Shading correction: basic principles and definitions

The shading correction can be used in conjunction with the automatic sun function or lamella setpoint tracing. The function checks whether a window or a window group that is assigned to a room, for example, is temporarily placed in the shade by surrounding buildings or parts of its own building. Sun shading for windows that stand in the shadow of surrounding buildings or trees is not necessary and may even be disturbing under certain circumstances.
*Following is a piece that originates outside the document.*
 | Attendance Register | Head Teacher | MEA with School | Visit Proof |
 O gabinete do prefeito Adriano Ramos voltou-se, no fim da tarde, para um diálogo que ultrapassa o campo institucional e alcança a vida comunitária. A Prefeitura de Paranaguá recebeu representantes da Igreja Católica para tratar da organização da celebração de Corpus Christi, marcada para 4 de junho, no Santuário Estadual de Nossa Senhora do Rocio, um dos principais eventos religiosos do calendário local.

On the basis of data entered regarding the facade and its surroundings, the shading correction determines which parts of the front are in the shade. Hence, it is then possible to decide whether the sun protection should be active for individual windows or window groups.
Apart from the current position of the sun, the shading of the individual windows depends on three things:

the orientation of the facade
the position of the windows
the positioning of the shading objects

The following illustrations are intended to describe these interrelationships and to present the parameters to be entered.

Orientation of the facade

Observation from above

Shading correction: basic principles and definitions 1:

For the pure observation of the shadow thrown on the facade, a two-dimensional coordinate system is ultimately required, therefore the X and Y axis were placed on the facade. The zero point is thereby at the bottom left on the base, as if one were regarding the facade from the front. For the calculation of the shading objects the Z component is then also added. Its axis points from away the facade and has the same zero point as the X and Y axis.

In the northern hemisphere, the horizontal sun position (azimuth angle) is determined from the north direction by definition. The facade orientation is likewise related to north, wherein the following applies to the line of sight from a window in the facade:

Line of sight	Facade orientation
North	β=0°
East	β=90°
South	β=180°
West	β=270°

In the southern hemisphere is the sun path is the other way round: although it also rises in the east, ad midday it is in the north. The facade orientation is adjusted to this path:

Line of sight	Facade orientation
South	β=0°
East	β=90°
North	β=180°
West	β=270°

Shading correction: basic principles and definitions 2:

For convenience, the other explanations refer to the northern hemisphere. For the later parameterization (FB_BARShadingCorrection / FB_BARShadingCorrectionSouth) only the corresponding facade orientation is necessary anyway, which can be taken from the respective valid table - northern or southern hemisphere.

The following two illustrations are intended to further clarify the position of the point of origin P₀ as well as the orientation of the coordinate system:

Observation from the side

Shading correction: basic principles and definitions 3:

The sun elevation can be represented using this illustration: by definition this is 0° at sunrise (horizontal incidence of light) and can reach maximally 90°, but this applies only to places within the Tropic of Cancer and the Tropic of Capricorn.

Observation from the front

Shading correction: basic principles and definitions 4:

Here, the position of the point of origin, P₀, at the bottom left base point of the facade is once more very clear. Beyond that the X-Y orientation is illustrated, which is important later for the entry of the window elements.

Position of the windows

The position of the windows is defined by the specification of their bottom left corner in relation to the facade coordinate system. Since a window lies flat on the facade, the entry is restricted to the X and Y coordinates.

Shading correction: basic principles and definitions 5:

The width and height must additionally be specified.

Shading correction: basic principles and definitions 6:

The position of each window corner on the facade is determined internally from the values entered. A window is considered to be in the shade if all corners lie in the shade.

Positioning of the shading objects

When describing the shading objects, distinction is made between angular objects (building, column) and objects that are approximately spherical (e.g. trees). Angular objects can be categorized according to the shadow they cast into square, shadow-casting facades, wherein one must consider which ones cast the main shadows over the course of the day:

Morning/noon

Shading correction: basic principles and definitions 7:

In the morning and around noon, the shadows are mainly cast by the sides S₁ and S₄; S₂ and S₃ need not be considered if they are not higher.

Afternoon/evening

Shading correction: basic principles and definitions 8:

In the afternoon and in the evening too, the total shade can be determined alone by the observation of S₁ and S₃. In this case it is therefore sufficient to specify S₁ and S₃ as shadow casters. The entry is made on the basis of the four corners or their coordinates in relation to the zero point of the facade:

Shading correction: basic principles and definitions 9:

In this sketch only the upper points, P₂ and P₃, are illustrated due to the plan view. The lower point P₁ lies underneath P₂ and P₄ lies underneath P₃.

The input of shadow-casting sphere elements is done by entering the center of the sphere and its radius:

Sphere elements

Shading correction: basic principles and definitions 10:

A "classification" of the sphere element as in the case of the angular building is of course unnecessary, since the shadow cast by a sphere changes only its direction, but not its size.